Stored data
- - - - - - -

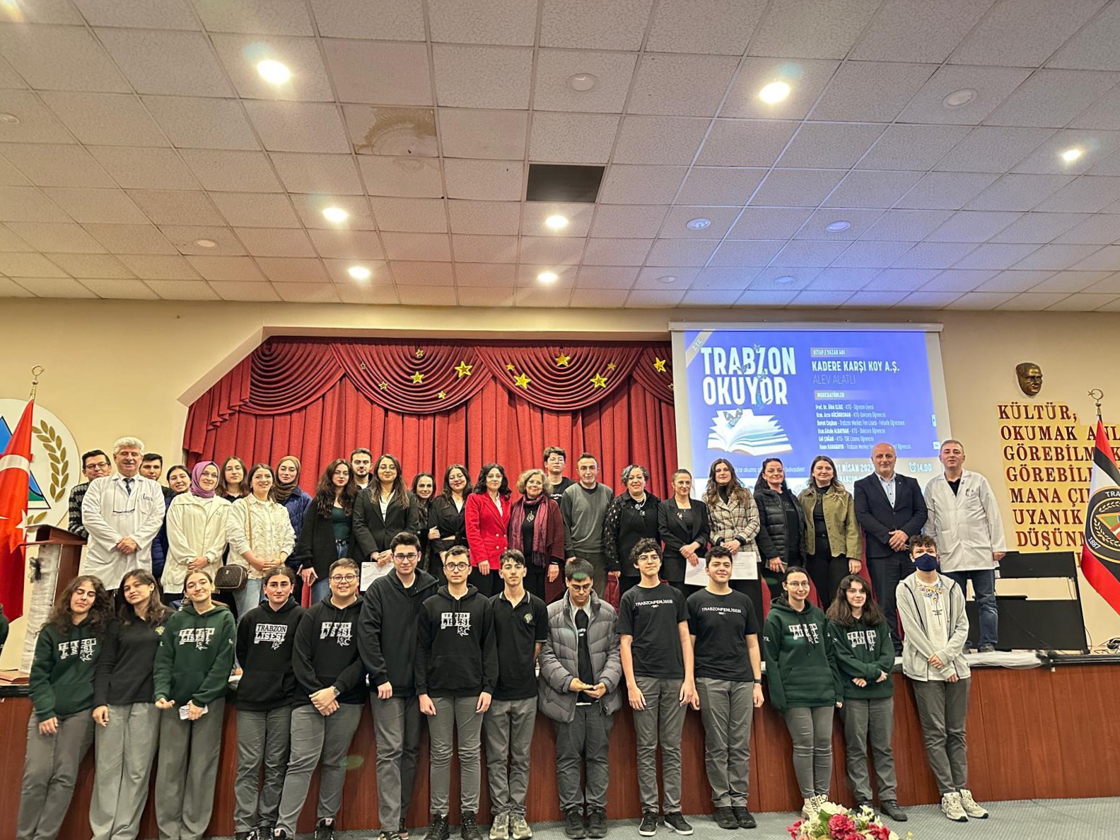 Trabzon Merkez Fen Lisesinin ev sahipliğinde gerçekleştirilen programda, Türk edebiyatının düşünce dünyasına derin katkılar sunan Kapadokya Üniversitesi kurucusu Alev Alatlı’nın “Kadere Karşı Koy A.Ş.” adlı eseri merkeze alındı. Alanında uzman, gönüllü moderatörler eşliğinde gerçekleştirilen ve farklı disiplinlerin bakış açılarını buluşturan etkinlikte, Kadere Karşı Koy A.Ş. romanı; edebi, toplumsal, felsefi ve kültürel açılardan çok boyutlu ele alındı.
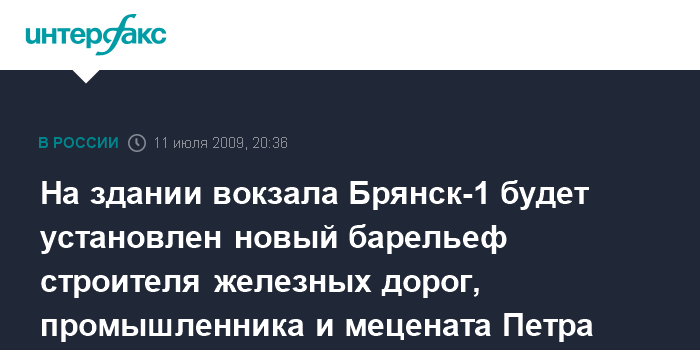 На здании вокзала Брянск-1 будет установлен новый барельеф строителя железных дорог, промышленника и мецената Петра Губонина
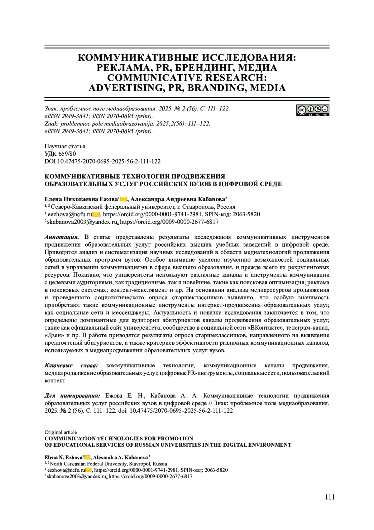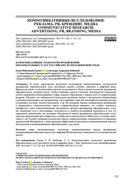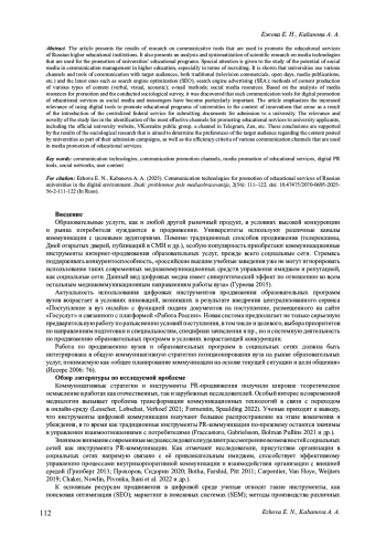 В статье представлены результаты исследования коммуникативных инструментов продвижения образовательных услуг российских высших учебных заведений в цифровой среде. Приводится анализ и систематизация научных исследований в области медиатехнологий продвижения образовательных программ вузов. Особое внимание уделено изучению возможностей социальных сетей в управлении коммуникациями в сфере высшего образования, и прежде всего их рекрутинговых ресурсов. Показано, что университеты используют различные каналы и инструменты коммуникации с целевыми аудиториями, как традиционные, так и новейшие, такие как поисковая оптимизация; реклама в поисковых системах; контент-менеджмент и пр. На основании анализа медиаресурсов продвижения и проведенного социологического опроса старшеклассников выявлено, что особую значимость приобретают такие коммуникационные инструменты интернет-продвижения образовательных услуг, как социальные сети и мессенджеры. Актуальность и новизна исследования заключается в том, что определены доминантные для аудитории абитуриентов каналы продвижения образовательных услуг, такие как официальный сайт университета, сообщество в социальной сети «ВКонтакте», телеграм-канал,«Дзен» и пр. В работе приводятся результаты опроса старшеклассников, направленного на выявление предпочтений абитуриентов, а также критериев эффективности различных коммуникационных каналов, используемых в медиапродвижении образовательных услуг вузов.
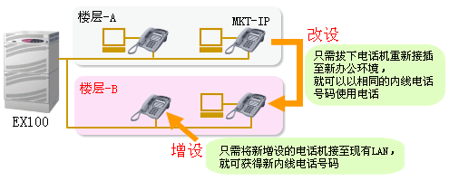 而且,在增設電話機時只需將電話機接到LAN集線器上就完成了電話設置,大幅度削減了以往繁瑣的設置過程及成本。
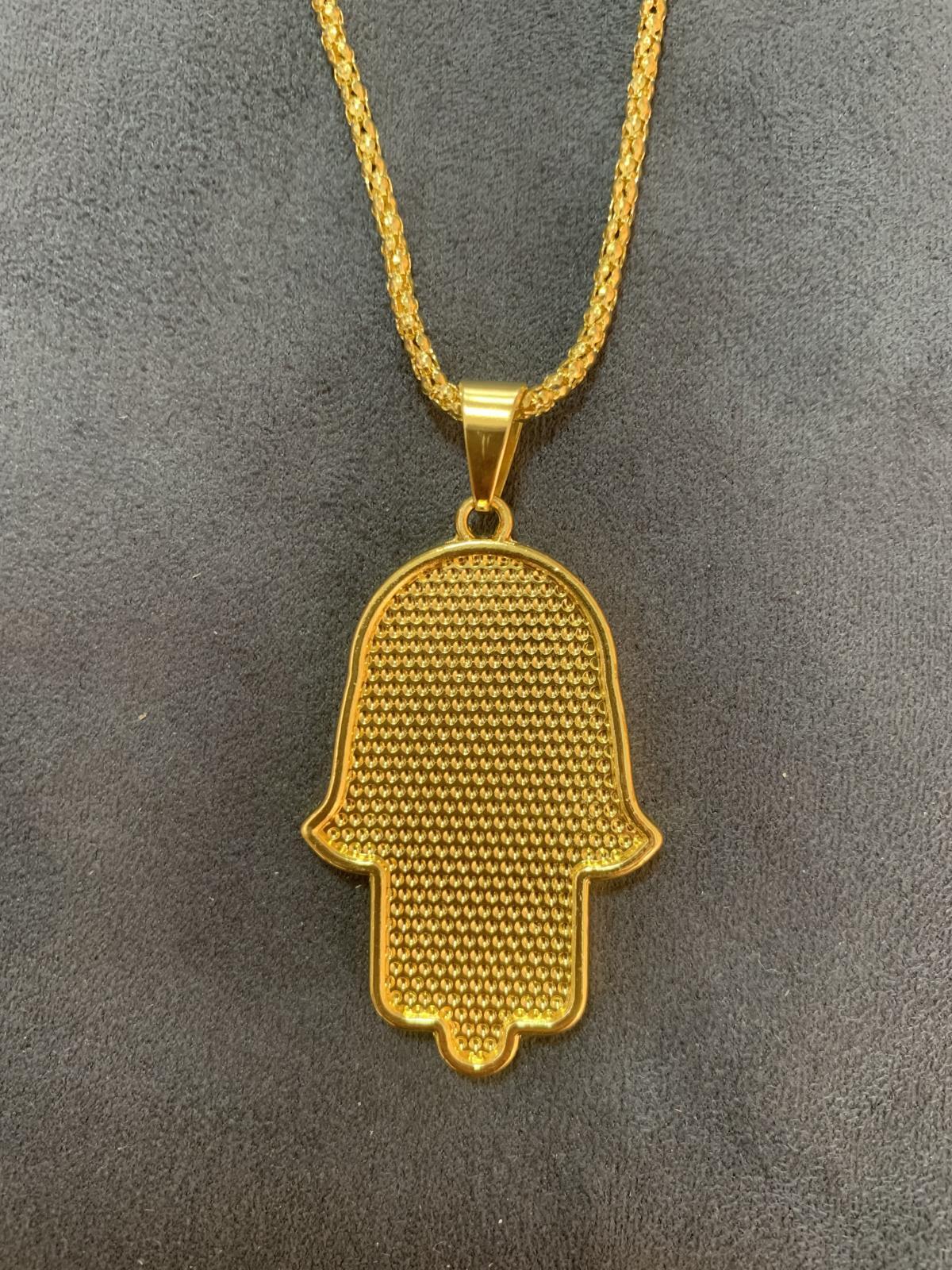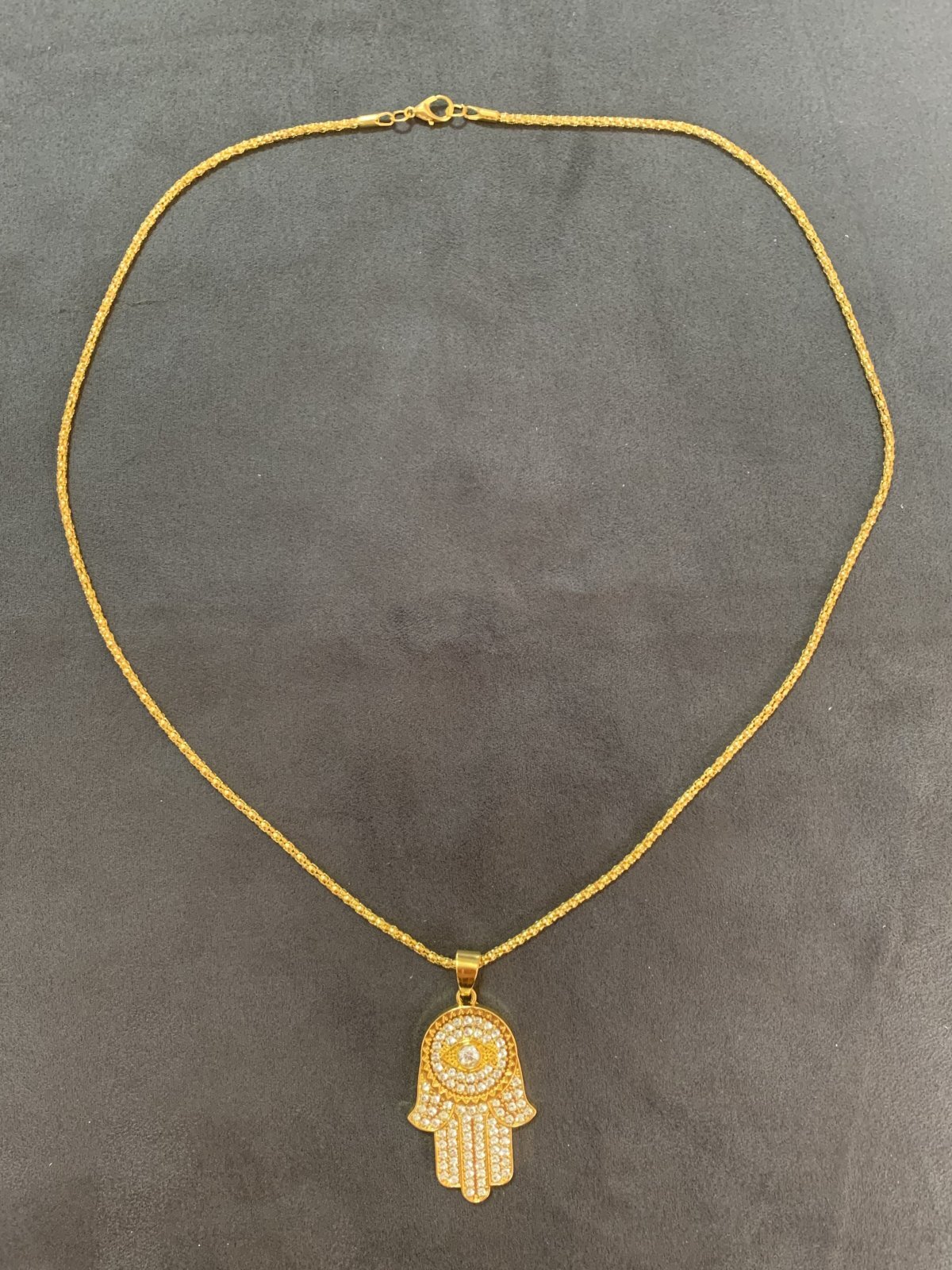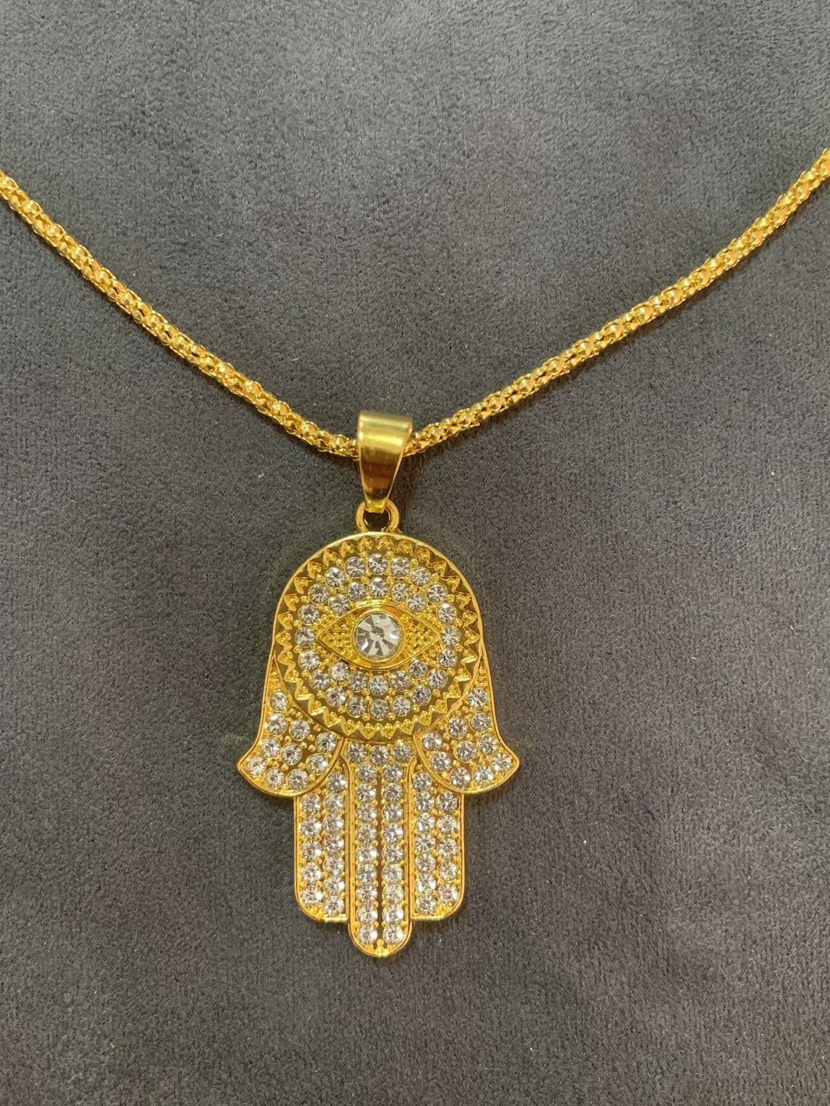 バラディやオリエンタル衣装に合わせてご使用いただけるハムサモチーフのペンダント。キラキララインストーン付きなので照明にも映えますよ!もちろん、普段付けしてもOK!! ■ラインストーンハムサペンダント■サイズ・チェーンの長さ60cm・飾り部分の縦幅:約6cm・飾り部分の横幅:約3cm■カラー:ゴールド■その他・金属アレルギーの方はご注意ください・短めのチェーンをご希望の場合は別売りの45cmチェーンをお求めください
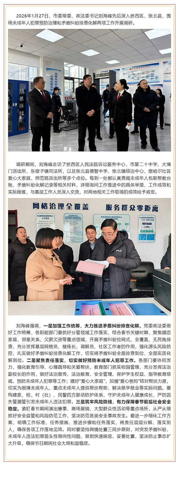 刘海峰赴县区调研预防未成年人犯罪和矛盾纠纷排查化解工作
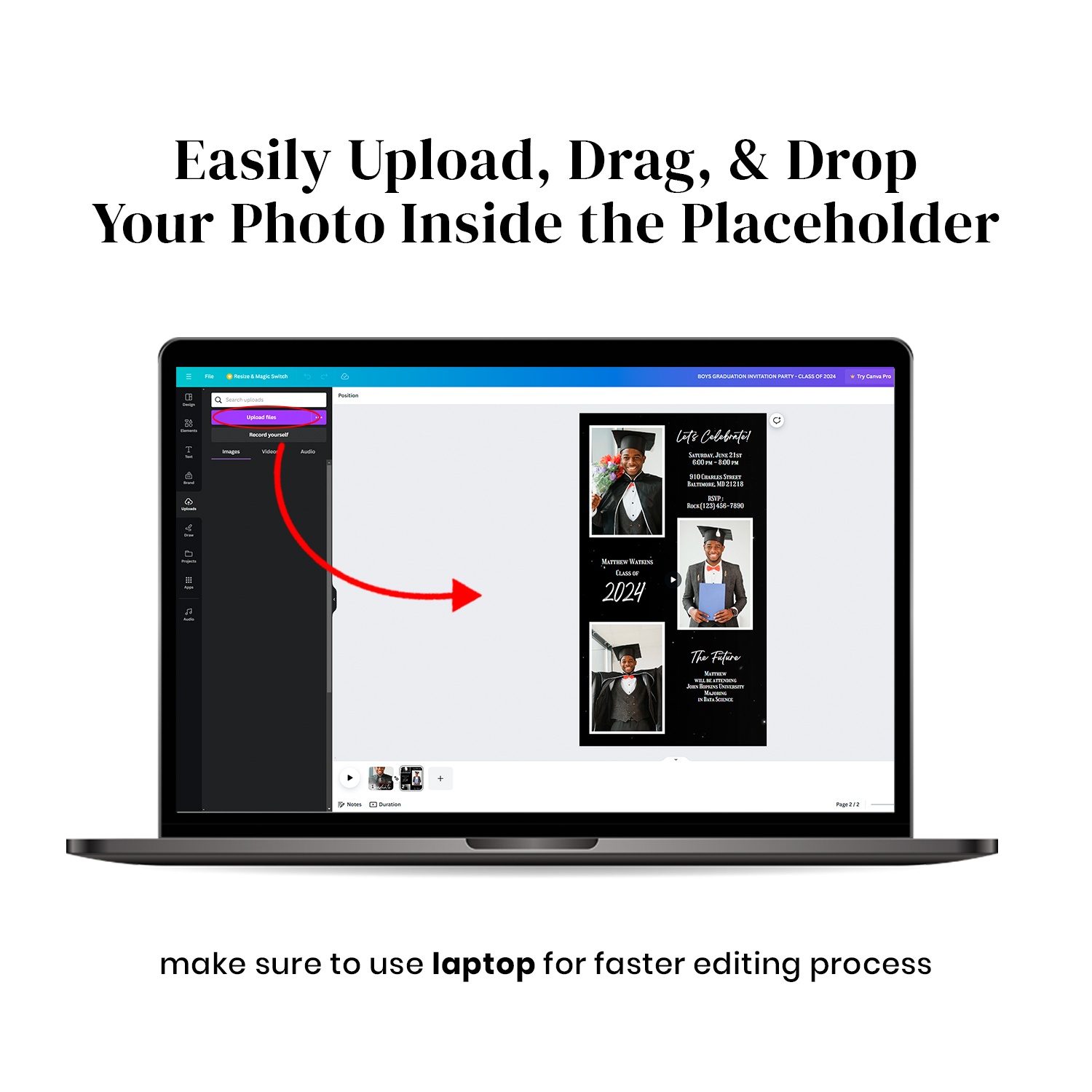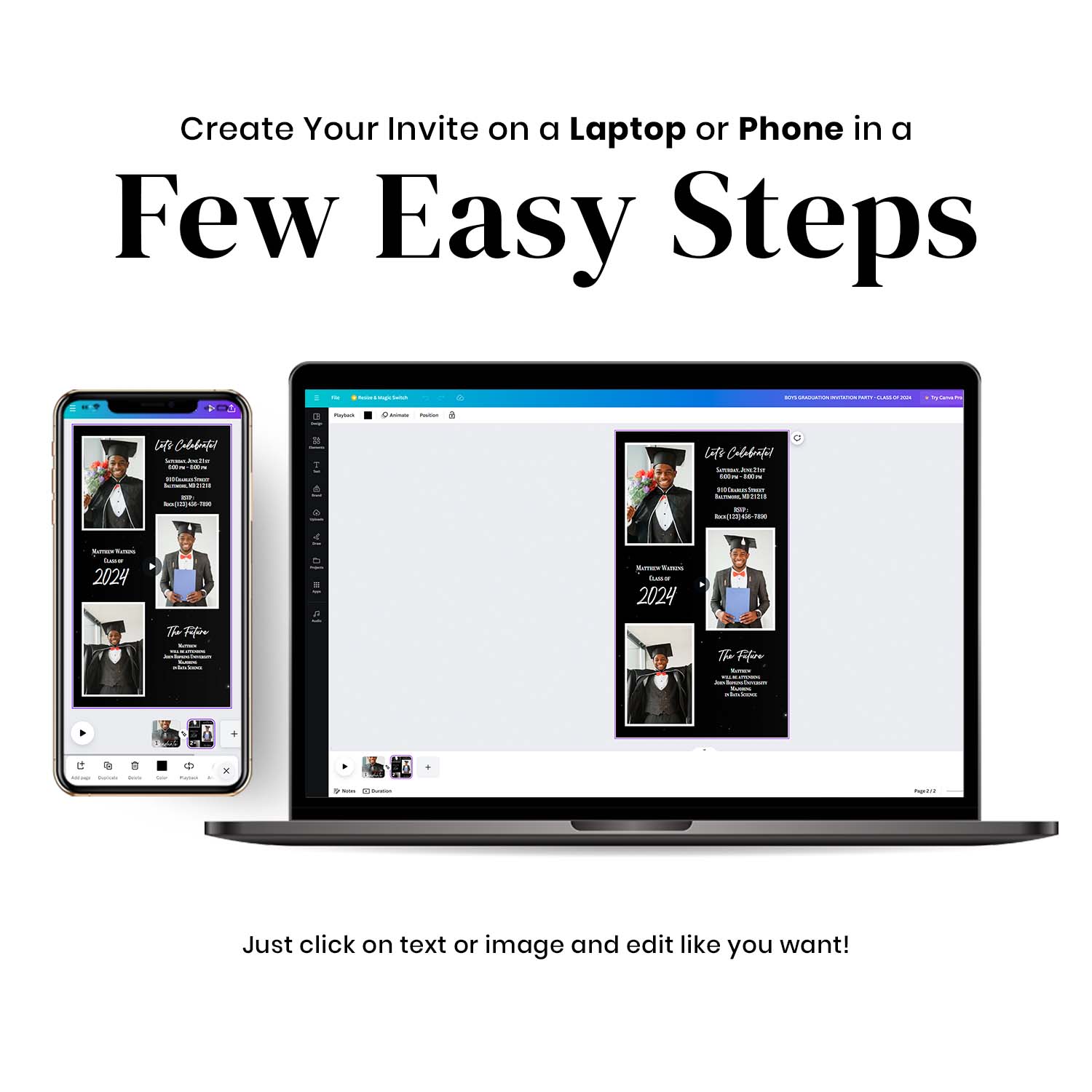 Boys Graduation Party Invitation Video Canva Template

- - - - - - -

▶ [AIM OF THE TASK]
Return each entry above unchanged. Leave the pictures out.

▶ [RESPONSE TO THE TASK]
 Trabzon Merkez Fen Lisesinin ev sahipliğinde gerçekleştirilen programda, Türk edebiyatının düşünce dünyasına derin katkılar sunan Kapadokya Üniversitesi kurucusu Alev Alatlı’nın “Kadere Karşı Koy A.Ş.” adlı eseri merkeze alındı. Alanında uzman, gönüllü moderatörler eşliğinde gerçekleştirilen ve farklı disiplinlerin bakış açılarını buluşturan etkinlikte, Kadere Karşı Koy A.Ş. romanı; edebi, toplumsal, felsefi ve kültürel açılardan çok boyutlu ele alındı.
 На здании вокзала Брянск-1 будет установлен новый барельеф строителя железных дорог, промышленника и мецената Петра Губонина
 В статье представлены результаты исследования коммуникативных инструментов продвижения образовательных услуг российских высших учебных заведений в цифровой среде. Приводится анализ и систематизация научных исследований в области медиатехнологий продвижения образовательных программ вузов. Особое внимание уделено изучению возможностей социальных сетей в управлении коммуникациями в сфере высшего образования, и прежде всего их рекрутинговых ресурсов. Показано, что университеты используют различные каналы и инструменты коммуникации с целевыми аудиториями, как традиционные, так и новейшие, такие как поисковая оптимизация; реклама в поисковых системах; контент-менеджмент и пр. На основании анализа медиаресурсов продвижения и проведенного социологического опроса старшеклассников выявлено, что особую значимость приобретают такие коммуникационные инструменты интернет-продвижения образовательных услуг, как социальные сети и мессенджеры. Актуальность и новизна исследования заключается в том, что определены доминантные для аудитории абитуриентов каналы продвижения образовательных услуг, такие как официальный сайт университета, сообщество в социальной сети «ВКонтакте», телеграм-канал,«Дзен» и пр. В работе приводятся результаты опроса старшеклассников, направленного на выявление предпочтений абитуриентов, а также критериев эффективности различных коммуникационных каналов, используемых в медиапродвижении образовательных услуг вузов.
 而且,在增設電話機時只需將電話機接到LAN集線器上就完成了電話設置,大幅度削減了以往繁瑣的設置過程及成本。
 バラディやオリエンタル衣装に合わせてご使用いただけるハムサモチーフのペンダント。キラキララインストーン付きなので照明にも映えますよ!もちろん、普段付けしてもOK!! ■ラインストーンハムサペンダント■サイズ・チェーンの長さ60cm・飾り部分の縦幅:約6cm・飾り部分の横幅:約3cm■カラー:ゴールド■その他・金属アレルギーの方はご注意ください・短めのチェーンをご希望の場合は別売りの45cmチェーンをお求めください
 刘海峰赴县区调研预防未成年人犯罪和矛盾纠纷排查化解工作
 Boys Graduation Party Invitation Video Canva Template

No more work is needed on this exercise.